FIG. 2 is a preferred embodiment implementation of the counter 20 in FIG. 1. The counter circuit of FIG. 2 includes "D" flip flops 40, 42, and 44; nand gate 46; VCOM ; VCK ; VCO ; and VCC. D1, D2, and D3 are the inputs of flip flops 40, 42, and 44. R1, R2, and R3 are the active low reset nodes of flip flops 40, 42, and 44. C1, C2, and C3 are the clock nodes of flip flops 40, 42, and 44. Q1, Q2, and Q3 are the non-inverted outputs of flip flops 40, 42, and 44. QZ1 and QZ2 are the inverted outputs of flip flops 40 and 42. S1 is the preset node of flip flop 44.
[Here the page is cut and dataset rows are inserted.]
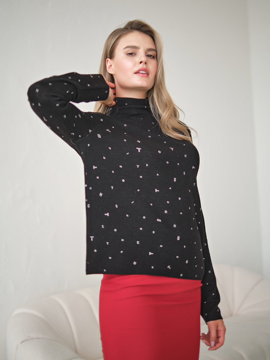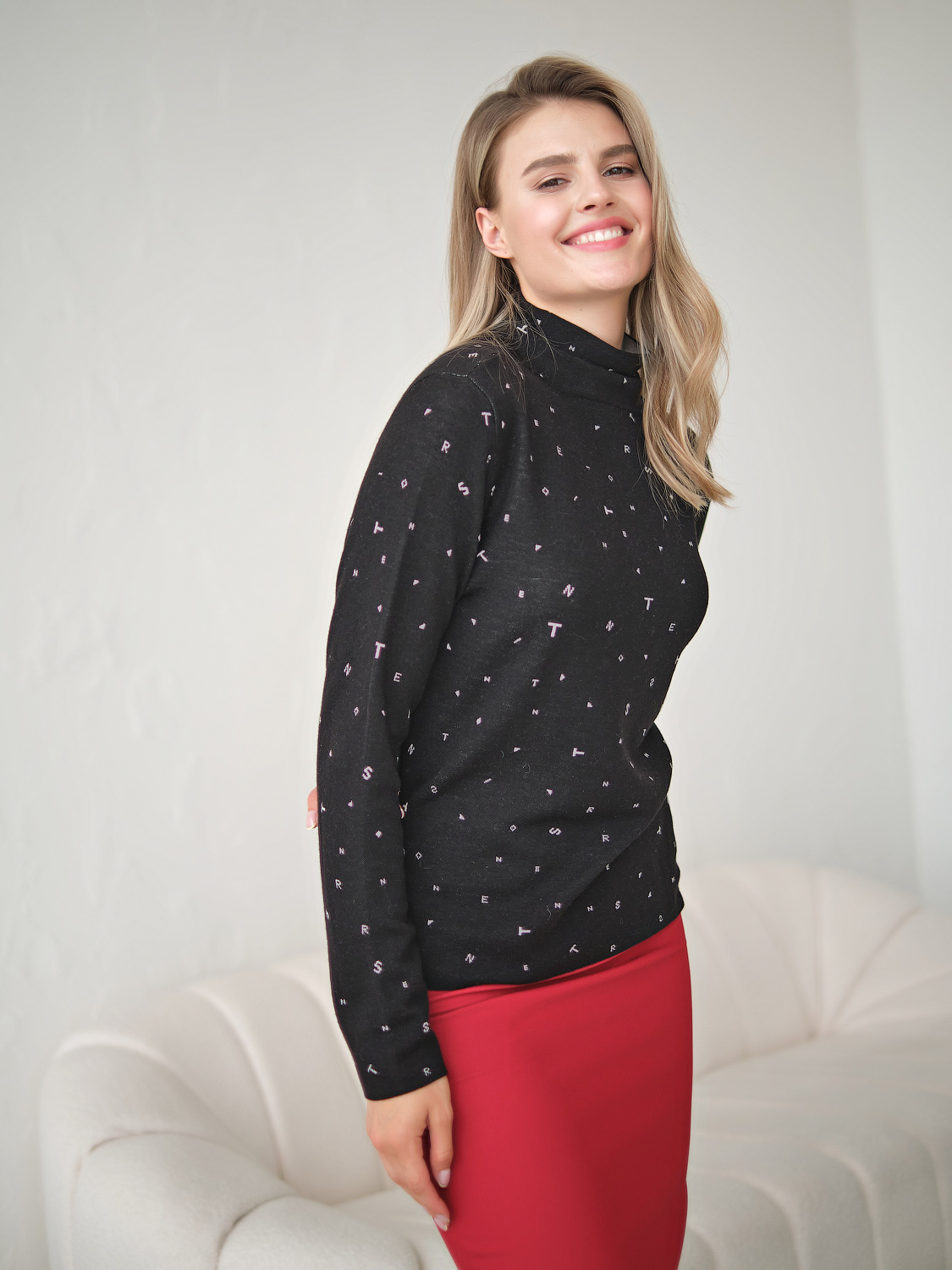 Базовая черная водолаза с текстовым узором по всей поверхности. Воротник-гольф, длинный втачной рукав. Полуприталенный силуэт подчеркивает фигуру. Джемпер может выступать в качестве самостоятельного верха или надеваться под жакет или блейзер.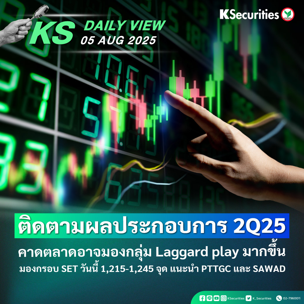 KS Daily View 05.08.2025 >>> ติดตามผลประกอบการ 2Q25 คาดตลาดอาจมองกลุ่ม Laggard play มากขึ้น มองกรอบ SET วันนี้ 1,215-1,245 จุด แนะนำ PTTGC และ SAWAD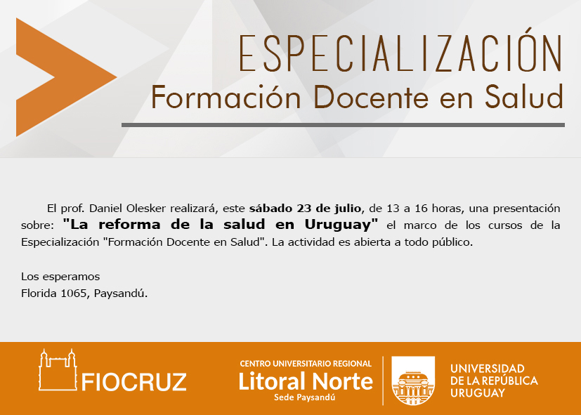 Este sábado 23 de julio de 2016, el prof. Daniel Olesker brindará una charla sobre la Reforma de Salud en Uruguay. La invitación a Olesker se realizó en el marco de la realización en la Sede Paysandú del Cenur Litoral Norte de la Universidad de la República de la Especialización "Formación Docente en Salud" a través del convenio con la Escuela Politécnica de Salud Joaquim Venancio (EPSJV) de la Fundación Oswaldo Cruz FIOCRUZ de Brasil. La charla se realizará en el aulario de la Sede, Florida 1065, de 13 a 16 horas.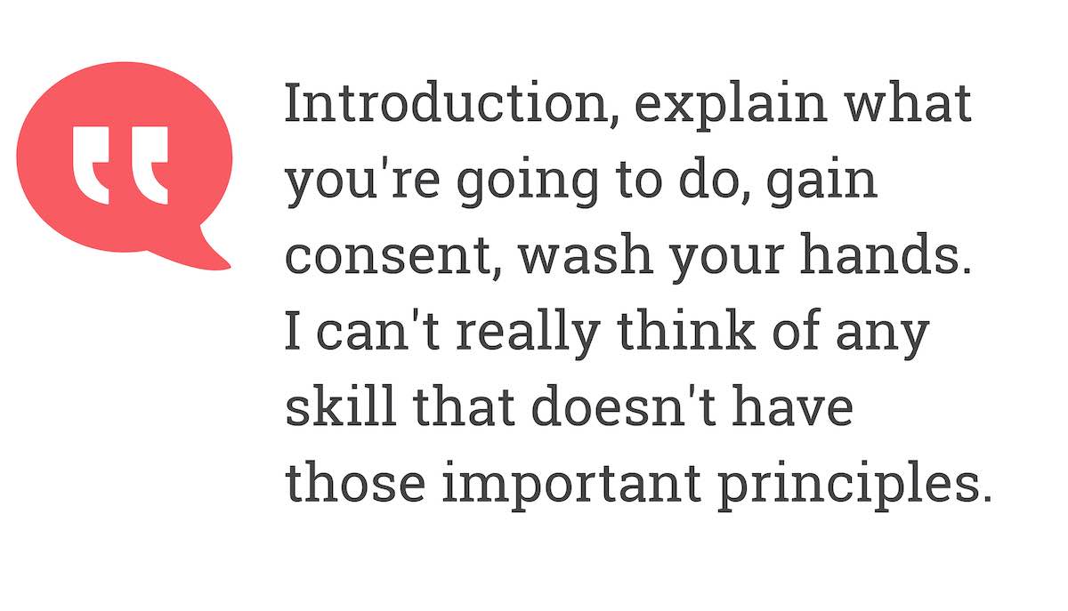 I have to explain to them what I'm doing and I also need to explain to the patient what skill I'm performing.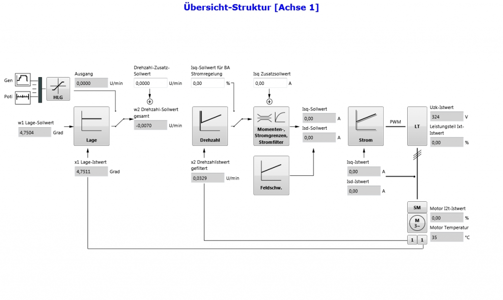 Eine besondere Stärke der Software sind die grafischen Darstellungen. Wer kein Freund von unübersichtlichen Parameterlisten ist, dem wird hier geholfen. So kann etwa der Signalfluss im Regler in einer grafischen Übersicht angezeigt werden, das verbessert das Verständnis und die Orientierung in der Anwendung deutlich. Standardfunktionen sind in ProDrive direkt über eine Icon-Liste schnell und mit nur einem Klick zu erreichen. Nach einzelnen Parametern kann mit Nummer oder aber einfach mit Klartext gesucht werden. Informative Überwachungsseiten geben alle wichtigen Informationen auf einen Blick (z.B. Lageregler, Stromregler, Temperatur, Netzspannung oder Zwischenkreisspannung). Weil alles so einfach und schnell zu finden ist, sind Fehlbedienungen unwahrscheinlich und der Zeitaufwand gering. Durch die Unterstützung des Inbetriebnahme-Wizards können auch unerfahrene Mitarbeiter die Geräte in nur wenigen Minuten in Betrieb nehmen. Der Wizard führt unkompliziert und schnell durch die einzelnen Schritte der Inbetriebnahme. Detaillierte Vorkenntnisse zur Parametereingabe sind dadurch nicht mehr notwendig. Profis finden natürlich auch vollständige Parameterlisten und können etwa eigene Parametergruppen erstellen oder kundenspezifische Seiten anlegen.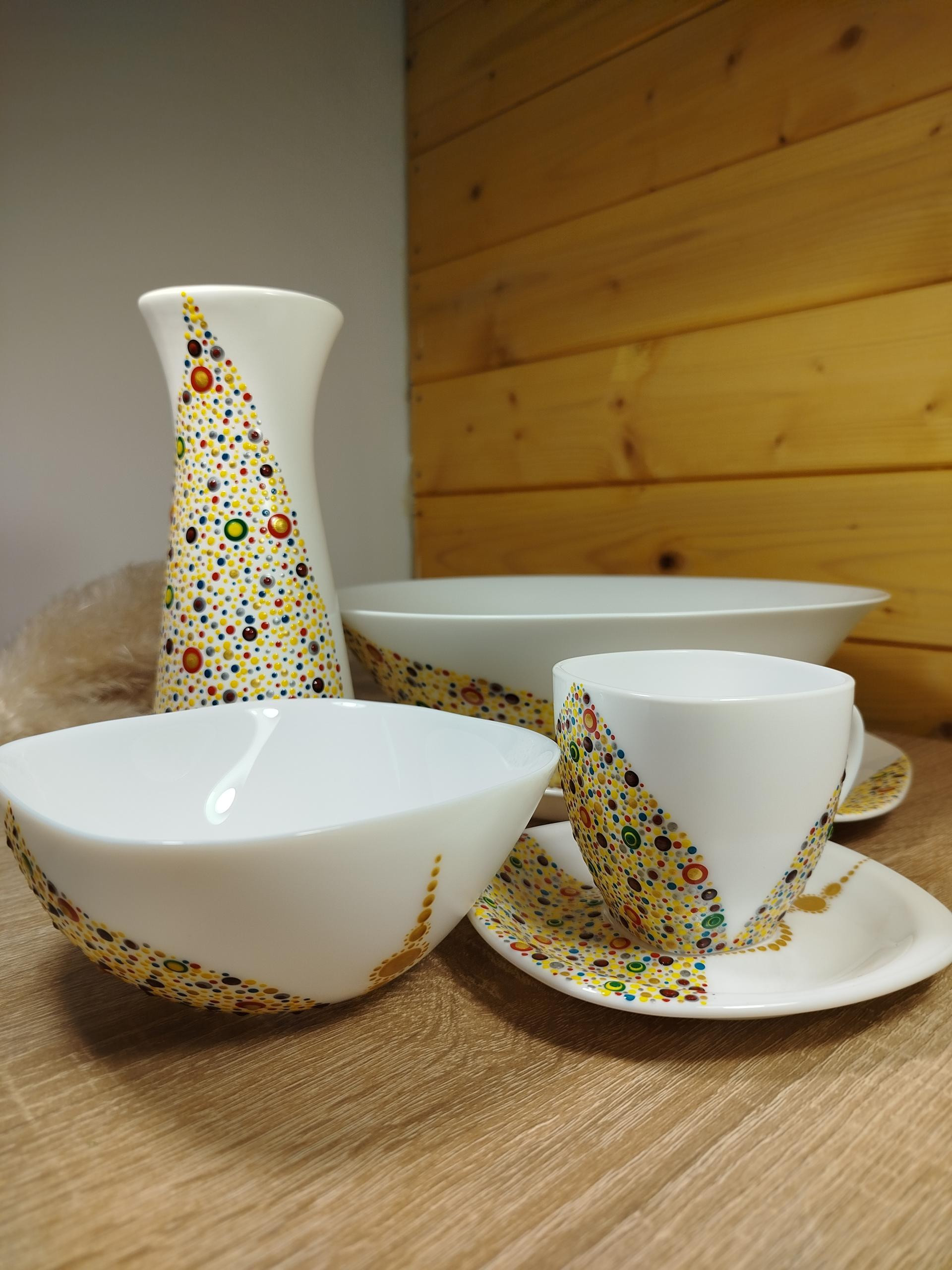 Njezini radovi nisu samo uporabni predmeti - oni su sitna remek-djela, pažljivo izrađena keramička platna oslikana tehnikom ručnog točkanja. U svijetu kojim vladaju brzina, automatizacija i masovna proizvodnja, Martinina filozofija je upravo suprotna: ona vraća vrijednost ručnom radu, detaljima i vremenu uloženom u svaki pojedini predmet. Njezine šalice, zdjelice, mirisnice, tanjuri i vaze nisu samo estetski iznimni, već nose sa sobom i emocionalnu komponentu. Svaka točkica na keramici pažljivo je postavljena, s jasnim redoslijedom, ritmom i namjerom. Martina nudi raznolike proizvode, od klasičnih šalica za kavu i čaj do mirisnica koje uz funkcionalnost donose i posebnu atmosferu.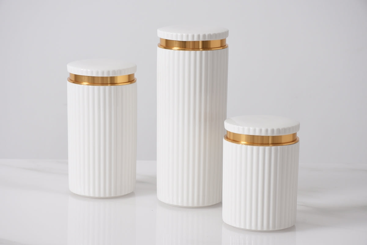 The combination of striking aluminum with high-fired porcelain create the Tall Canister – Large from our Tango Collection. Elevate your household and kitchen storage. The perfect neutral accent to any home. Hand-wash Only. Beautifully packed in a gift box.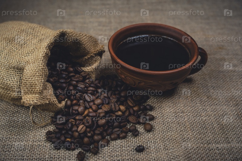 Коричневая керамическая чашка черного кофе с мешковиной, из которой высыпались кофейные зерна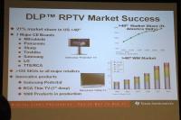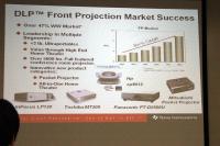 最後に同氏は日本市場での状況について説明。フロントプロジェクター市場においてDLPのシェアは27.2%と低い数字を示している。シェア拡大のためにはHTPS-LCD製品との競争に勝つことが必要であるとし、マーケティング活動の強化、コスト削減、キーパフォーマンスの向上などを行っていくと意気込みを語った。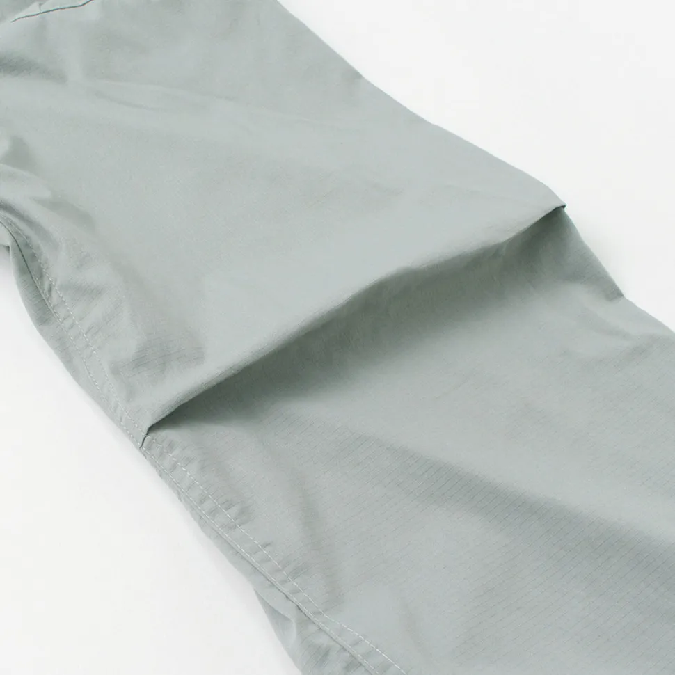 While simple and minimalist in design, this item also has practicality, following designs that can be adopted in the military, such as tucks at the knees and a front placket with snap buttons.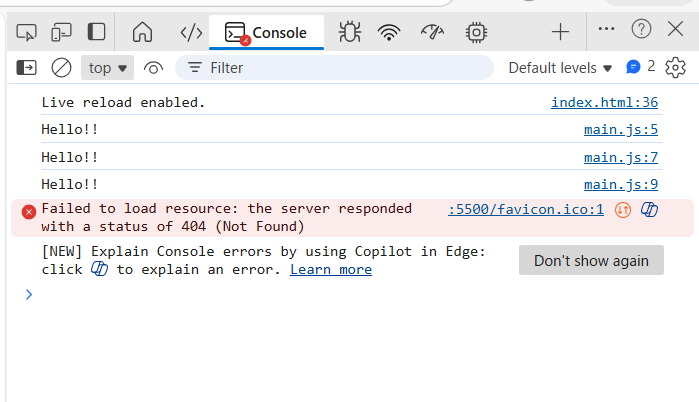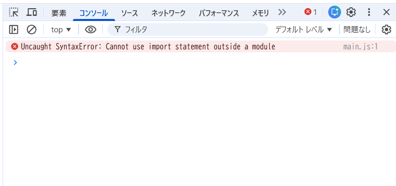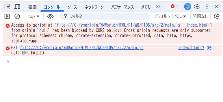 再度index.htmlをブラウザで開いてdeveloper toolsを開くと別のエラーが出ていました。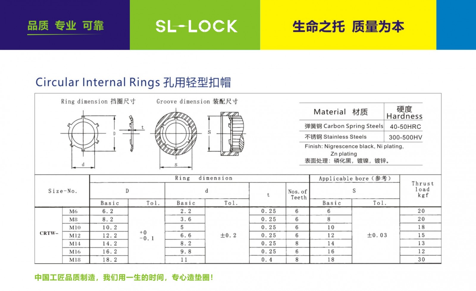 名稱:輕型孔用止動墊圈 執(zhí)行標準:CRTW 型號:M6-M18 材質(zhì):65MN/C67S 表面處理:磷化黑色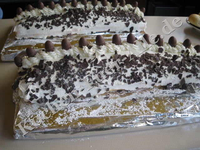 Mit Creme, Schoko Raspeln und Mocca Bohnen dekorieren.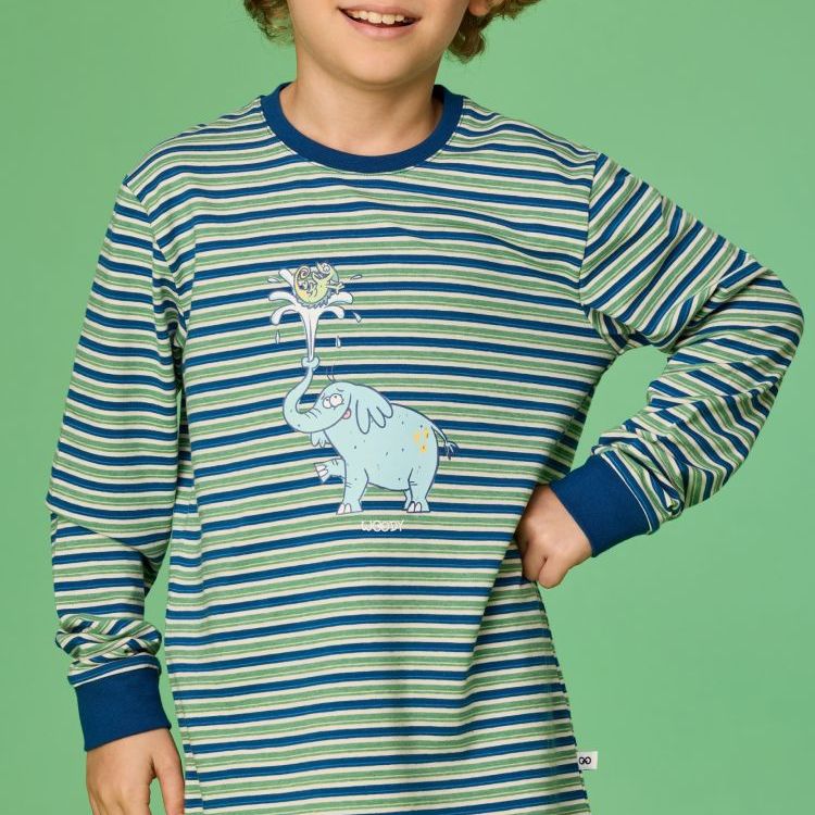 Tweedelige jongens en heren pyjamaset van soepel katoen. De T-shirt heeft een ronde hals, lange mouwen en is uitgevoerd in een horizontaal streeppatroon in meerdere blauwtinten en groen. Op de borst staat een centrale print van een olifant. De hals en manchetten zijn afgewerkt in een effen contrasterende kleur. De broek is donkerblauw, heeft een elastische tailleband en rechte pijpen met smalle boorden onderaan. Beschikbaar in de maten 3m-XXL.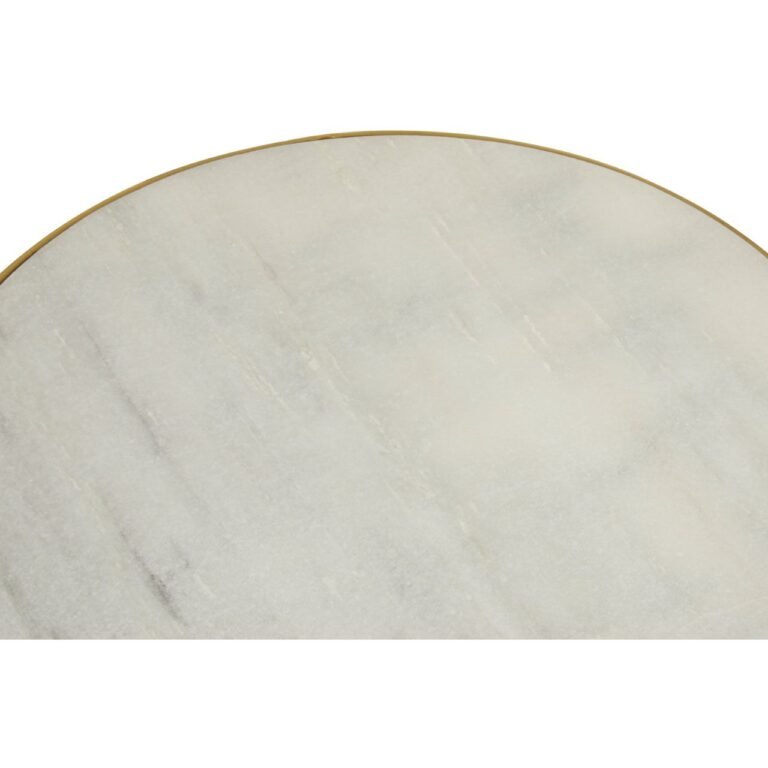 Ambia 2 Shelves Side Table: This side table features smooth white marble tops which are adjusted at different heights forming two tier levels. The table has the brass powdered coated base with a round bottom which coordinates with its circular shelves. Stylish and functional, this table will look elegant with its warm metallic accent and luxurious visual appeal.

When VCOM is a logic "one", the clear is released on the flip flops 40, 42, and 44 of FIG. 2 and the counter starts counting the clock pulses in VCK. Until the counter of FIG. 2 reaches a count of two, the counter output VCO is a logic "zero". When the counter reaches a count of two, the counter stops counting and the counter output VCO is a logic "one". The counter output VCO then remains a logic "one" until VCOM is a logic "zero". When VCOM is a logic "zero", the flip flops 40, 42, and 44 are cleared and the counter output VCO returns to a logic "zero".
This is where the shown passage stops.